Pièce mythique, Le Sacre du printemps continue d'inspirer les chorégraphes depuis sa création il y a un peu plus de 100 ans. Plutôt que de nous proposer une énième relecture, Akram Khan ne garde que l'essentiel du ballet de Stravinski: l'idée du sacrifice, l'éternel féminin et la pulsion de la mort. iTMOi (In The Mind of Igor) s'attarde plutôt au processus créatif ayant mené à la naissance du Sacre. Après tout, on sait déjà que Stravinski avait rêvé cette pièce qui allait faire basculer irrévocablement la musique classique dans une nouvelle ère. N'écrit-il pas dans Chroniques de ma vie: « En finissant à Saint-Pétersbourg les dernières pages de L’Oiseau
de feu, j’entrevis un jour, de façon absolument inattendue, car mon esprit
était alors occupé par des choses tout à fait différentes, j’entrevis dans mon
imagination le spectacle d’un grand rite païen : les vieux sages, assis en
cercle et observant la danse à la mort d’une jeune fille, qu’ils sacrifient
pour leur rendre propice le dieu du printemps »?

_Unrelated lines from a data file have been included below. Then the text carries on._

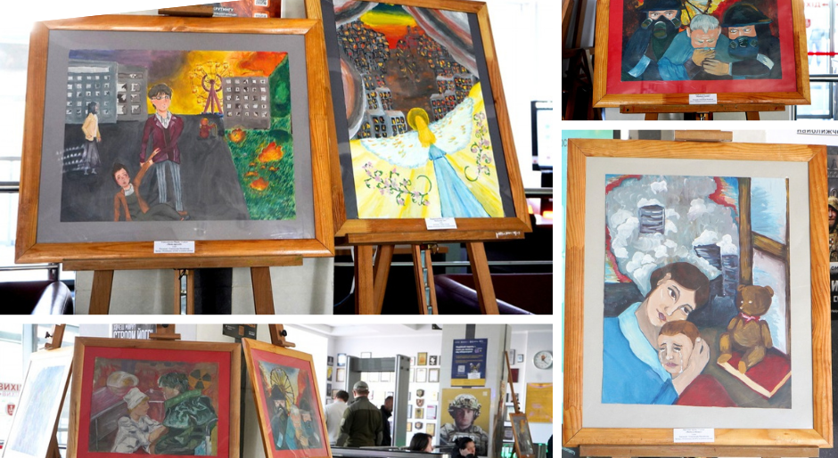 Діти працювали над створенням своїх тематичних композицій під керівництвом викладачок школи Олександри Михайлової та Любові Литвин. Тут кожен малюнок вражає щирістю, емоційною глибиною та символізмом. Це не просто зображення, а внутрішній діалог юних художників із історією, яку вони намагаються осмислити через власне сприйняття.
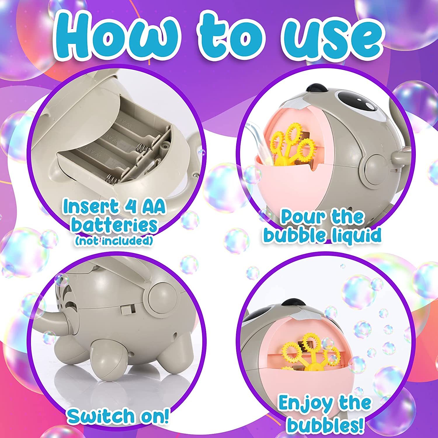 Install 4 AA batteries, pour some bubble solution into the bubble machine, finally press the ON/OFF button to start bubbling. Without complicated steps, kids can easily operate this bubble maker toy. The easiest bubble machine for kids. Small screwdriver is included for batteries installation. (Battery NOT INCLUDED)
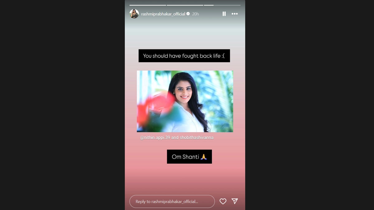 Kannada actress Shobitha Shivanna was found dead in her apartment in Hyderabad's Kondapur. The authorities suspect that she died by suicide, but the exact cause of her tragic death remains unclear. An investigation is currently underway. Following the news, several celebrities, including Geetha Bharathi Bhat and Chandu Gowda, expressed their grief and paid tribute to the late actress. The industry and her fans are in shock over the untimely loss of Shobitha Shivanna, who was beloved by many. FYI, Shivanna was known for her works in movies like Eradondla Mooru, ATM and more. Kannada Actress Shobitha Shivanna Passes Away: Police Suspect Suicide, Investigation Underway.
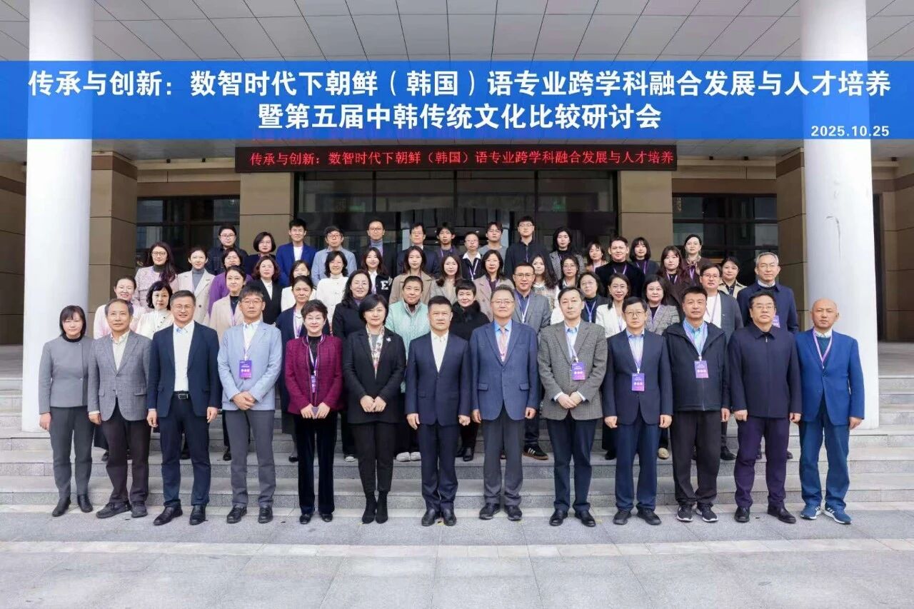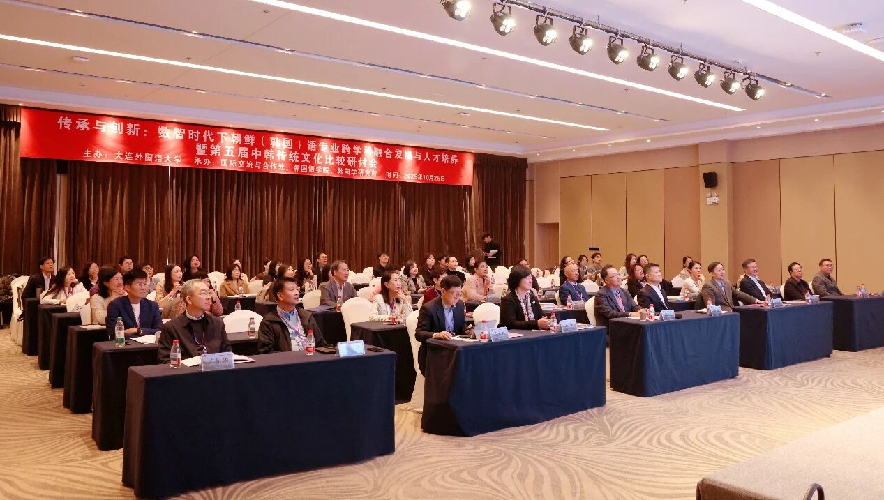 2025年10月25日,“传承与创新:数智时代下朝鲜(韩国)语专业跨学科融合发展与人才培养暨第五届中韩传统文化比较研讨会”在大连外国语大学国际文化交流中心举办。本次研讨会适逢大连外国语大学韩国语学院建院三十周年、专业建立三十五周年,由大连外国语大学主办,国际交流与合作处、韩国语学院、韩国学研究所共同承办,国内外20余所高校的50余名专家学者参会。
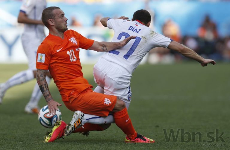 Holandský futbalista Wesley Sneijder v súboji s Čiľanom Marcelom Diazom počas pondelňajšieho zápasu B-skupiny na svetovom šampionáte v Brazílii. Foto: SITA/AP
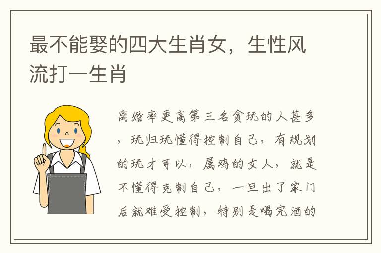 以上就是与最不能娶的四大生肖女相关内容,是关于生肖的分享。看完生性风流打一生肖后,希望这对大家有所帮助!
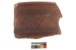 | Description / विवरण | Specimen of potsherd with decorative geometric painting, Type Black on Red ware . |
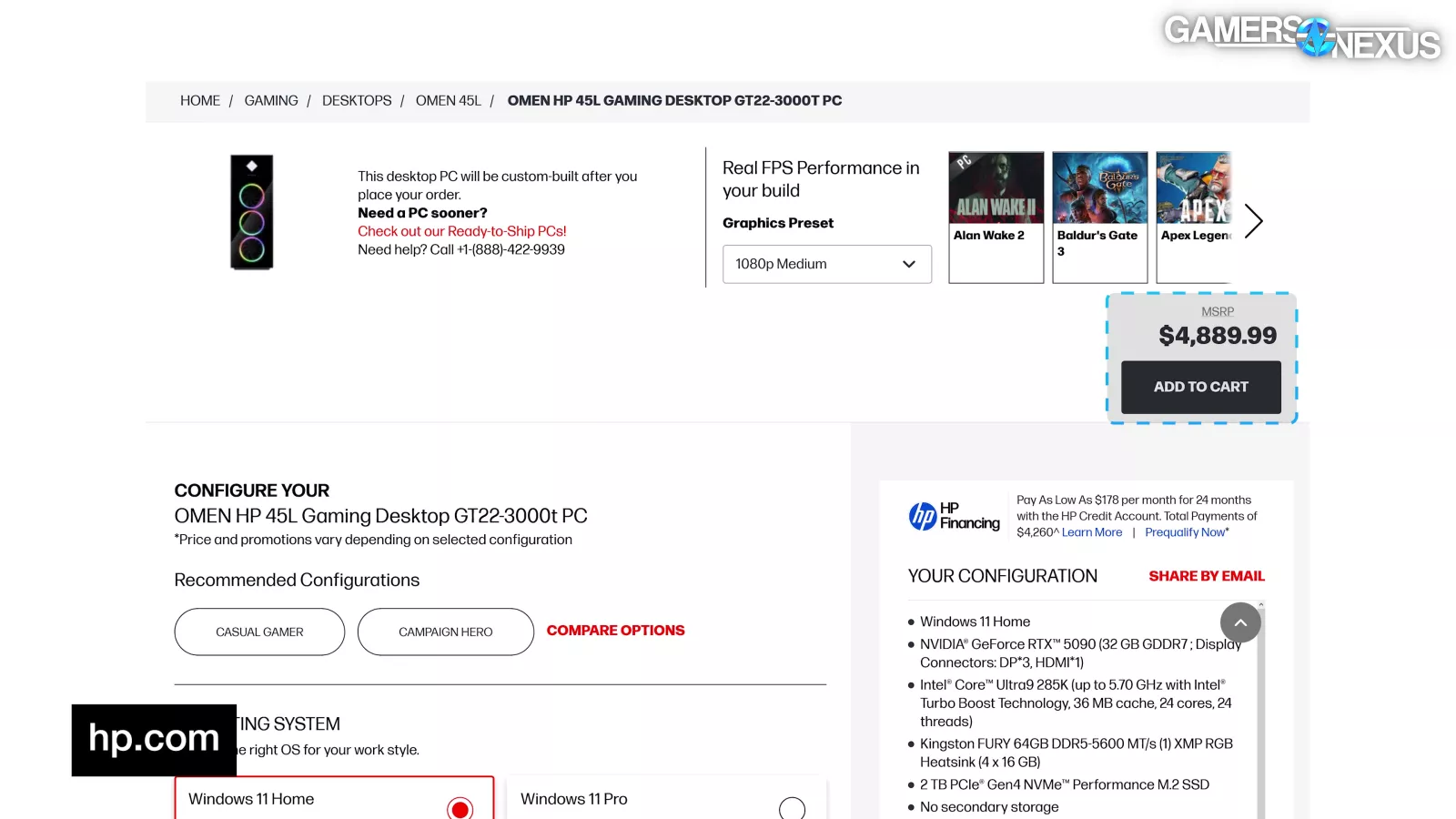 HP OMEN 45L (GT22-3000t) Pre-built | Part and Price Breakdown | GamersNexus
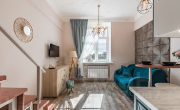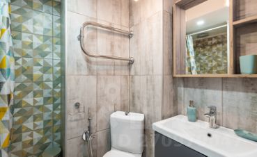 В квартире сделан косметический ремонт, поэтому она выглядит аккуратно и современно. Обстановка включает в себя необходимую мебель как в комнате, так и на кухне. Из техники есть холодильник, телевизор, посудомоечная машина и стиральная машина. В ванной комнате установлена душевая кабина, поэтому можно быстро освежиться после рабочего дня.
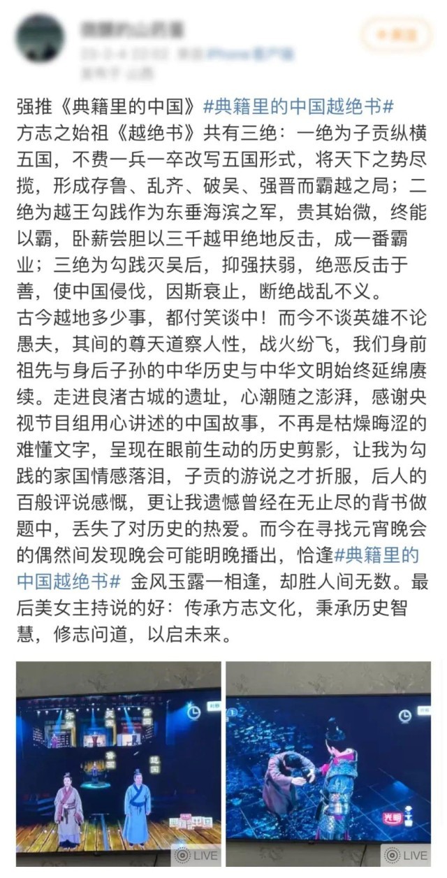 果然不負(fù)眾人所盼,第二季甫一開播,收視和好評率完美沿襲了第一季的高起點(diǎn)。而2月4日開播的《越絕書》,更是以史詩電影大片的精美和氣勢,將吳越爭霸驚心動魄的歷史經(jīng)典,精彩呈現(xiàn)于熒屏。第五期播出前后,9次登上熱搜熱榜,累計(jì)覆蓋微博用戶超2.6億人次;第二季豆瓣開分9.0,全平臺播放量近9億次,#典籍里的中國#主話題閱讀量累計(jì)達(dá)18.1億。
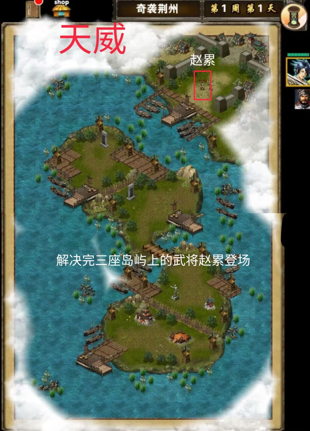 打法思路:击败三座岛屿上的武将以后,赵累会在右上角登场。

La partition de Stravinski n'est plus ici que suggérée: par le rythme des voix, par les pas des danseurs qui ici et là reprennent la séquence asymétrique qui sert de sceau au ballet, séquence que l'on retrouve aussi quand la trame sonore devient extrêmement minimaliste, évoquant un disque qui « saute ». Ceux qui connaissent le Sacre de l'intérieur, l'ont laissé vivre en eux pendant un certain nombre d'années, retrouveront ces repères, intégrés à la trame sonore par Nitin Sawhney, Jocelyn Pook et Ben Frost. Quand, enfin, le thème du basson du début s'élève, on ressent une impression de catharsis, d'avoir compris parfaitement la période d'incubation, la nécessité d'aborder un tel sujet, aussi pertinent en 2014 qu'en 1913.
En misant sur une scénographie épurée, des magnifiques costumes aux couleurs tranchées de Kimie Nakano, des éclairages particulièrement soignés de Fabiana Piccioli, la production plonge le spectateur d'entrée de jeu dans un univers onirique, qui permet la multiplicité des lectures. Si on reconnaît aisément le personnage de la jeune vierge fragile, tout de blanc vêtue, une créature cornue qui évoque autant l'univers de Stravinski que le faune du ballet de Debussy, le célébrant vêtu de noir (le chorégraphe lui-même), on peut décliner selon son envie l'identité réelle de cette reine intransigeante en crinoline blanche (l'inspiration peut-être?), du jeune homme souhaitant sauver la vierge et de ce fascinant derviche tourneur dont la jupe devient corolle, les pieds tiges, mains.
On reconnaîtra aisément la signature d'Akram Khan et son intégration du kathak, danse indienne aux figures complexes, mais aussi quelques clins d’œil au hip-hop et à la chorégraphie inoubliable de Pina Bausch, en un tout toujours parfaitement calibré, le mouvement ne perdant jamais de sa grâce et de sa pureté, même dans les moments plus violents. Un spectacle qui séduira sans réserve amateurs aussi bien que néophytes.
Vous pouvez encore vous glisser en salle ce soir et demain. N'hésitez pas!